On the downside, the recording (of a total size of 3h 33min) was announced as "abbreviated" as follows:

_Nicol re-edited the original script for the abridgement, removing many occurrences of “he said”, “she said”, as he felt that an over-reliance on descriptive narrative would not give the desired effect._​
That's not all that was eliminated though. The story was more abbreviated and canonic hardliners here won't like that.

A typical example where abbreviations lead to inconsistency? The feasts and lights of the wood-elves causing the Thorin Company to leave the path against earlier advice were omitted. Yet, after Bilbo saved the dwarves from the spiders, the spoken text mentioned Bilbo showing the dwarves the direction towards the earlier elf-fires... euh - which what? 
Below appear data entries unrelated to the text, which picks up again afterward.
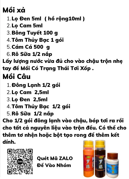 Đặc điểm nổi bật: Combo Xuân Hè chuyên Rô phi tỏa mùi nhanh, đánh ổ gọn, dính ổ tốt. Đã tối ưu cho cả nước trong và nước đục.
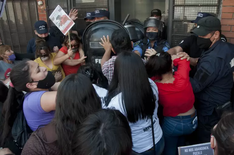 Sin embargo, las marchas por Brenda, que se habían caracterizado por ser pacíficas, en un determinado momento, el reclamo se tornó violento. Unas personas que acompañaban a los familiares intentaban aparentemente ingresar al edificio judicial y comenzaron a empujar a la madre de Brenda y a sus hijos, quienes estaban al frente de la manifestación con el pasacalle “Justicia para Brenda”, al punto que llegaron a ponerlo cara a cara con los efectivos policiales, que custodiaban el lugar.
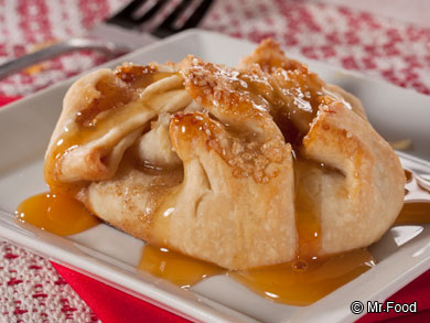 Preheat the oven to 425 degrees. Unroll pie crust according to package directions. Cut into fourths. Place apples evenly in center of each fourth. Pull corners over apples, pinching to seal. Place on a baking sheet; brush evenly with egg white, and sprinkle with sugar.

Also, some smaller details (which I nevertheless quite liked) fell out. For example, when Bilbo jumped over Gollum on his way out of the Misty Mountains, I'm missing the line: _"Indeed, had he known it, he only just missed cracking his skull on the low arch of the passage"_. There’s a lot like this but I did not make systematic notes of those. That would have been difficult, while I was driving my car, incidentally. 

No more bean-counting... here are my own quick conclusions for the interested among you:


If you've already read TH, if you like it and if you are familiar with it, then I'm confident that you will enjoy and appreciate Nicol Williamson's brilliant reading no less than I did. I recommend it if some fun is wanted behind a lonely steering wheel.
If you haven't read TH yet, you may still enjoy it... but you cannot really claim that you know TH after having heard it.
Excellent rendering by a great artist of vocal expression. That must be mentioned - definitely.
No "book-rape" like the TH movies: it's abbreviated, as said before, but with no abominations added, whatsoever.
PS - these audio files are offered for free nowadays.


----------



## Miguel (Jul 11, 2019)

Merroe said:


> _Nicol re-edited the original script for the abridgement, removing many occurrences of “he said”, “she said”, as he felt that an over-reliance on descriptive narrative would not give the desired effect._



I noticed a few instances where he went back and forth saying:_"he said/and they said" _very fast, super fast, in a very funny way. It's a completely different experience than watching the movies, the movies are never going to match your imagination as you read or hear these. I did not have the expectations that people who read these books had when Fellowship of the Ring film came out, so i did not suffered the lack of details and accuracy here and there. It's pretty clear that no matter how much money and work done, movies can still get tomatoes thrown at, but i do love them regardless. So far, the audio book experience is the one that immerses me the most.


----------